Prompt: From the following material, work out how many lines include the string "Reed"; respond with the number only.

Task input:
========
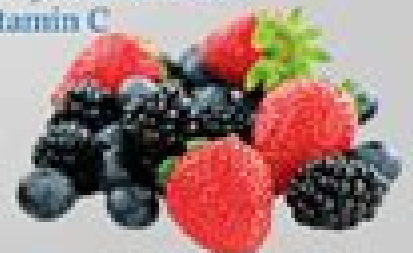
Berries - Packed with antioxidants, vitamins and fiber
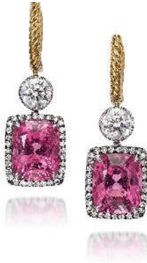
A Pair of Pink Spinel and Diamond Earrings Estimate: HK$78,000-98,000
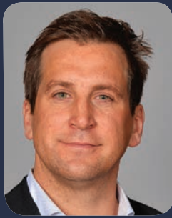
BARRON DORF ONEDIGITAL
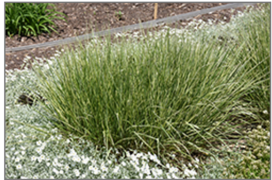
Variegated Reed Grass

Variegated Reed Grass will grow to be about 3 feet tall at maturity extending to 4 feet tall with the flowers, with a spread of 24 inches. It tends to be leggy, with a typical clearance of 1 foot from the ground, and should be underplanted with lower-growing perennials. It grows at a medium rate, and under ideal conditions can be expected to live for approximately 10 years. As an herbaceous perennial, this plant will usually die back to the crown each winter, and will regrow from the base each spring. Be careful not to disturb the crown in late winter when it may not be readily seen!
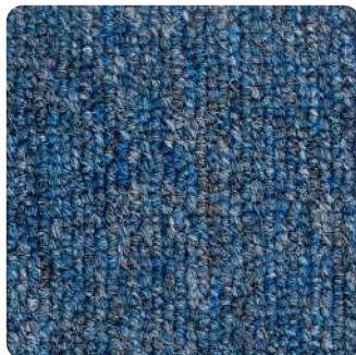
5155 Dalton Blue
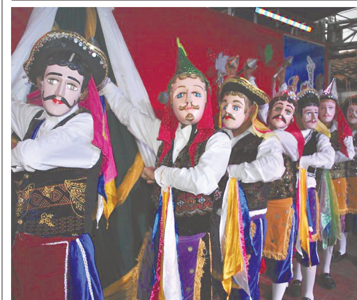
El Gueguense is a satirical drama and was the first literary work of post-Columbian Nicaragua. It is regarded as one of Latin America's most distinctive colonial-era expressions and is Nicaragua's signature folklore. NICARAGUA
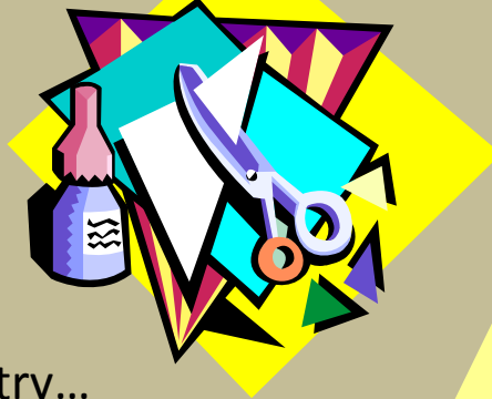
Crafts, creating, ...
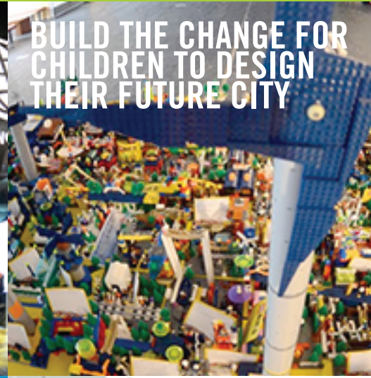
BUILD THE CHANGE FOR CHILDREN TO DESIGN THEIR FUTURE CITY
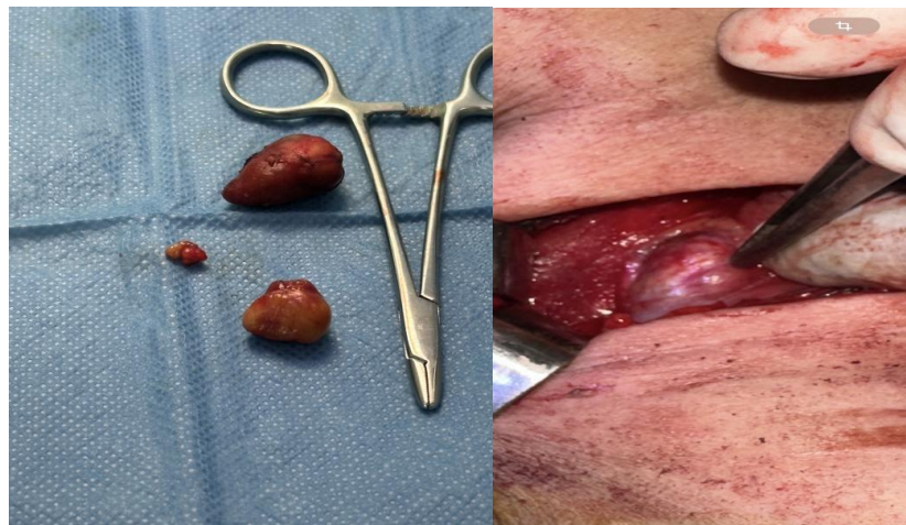
Figure 3.4: Peroperative image of the parathyroid mass on the left, the image of the two removed parathyroid formations
========
Reply to the exercise: 2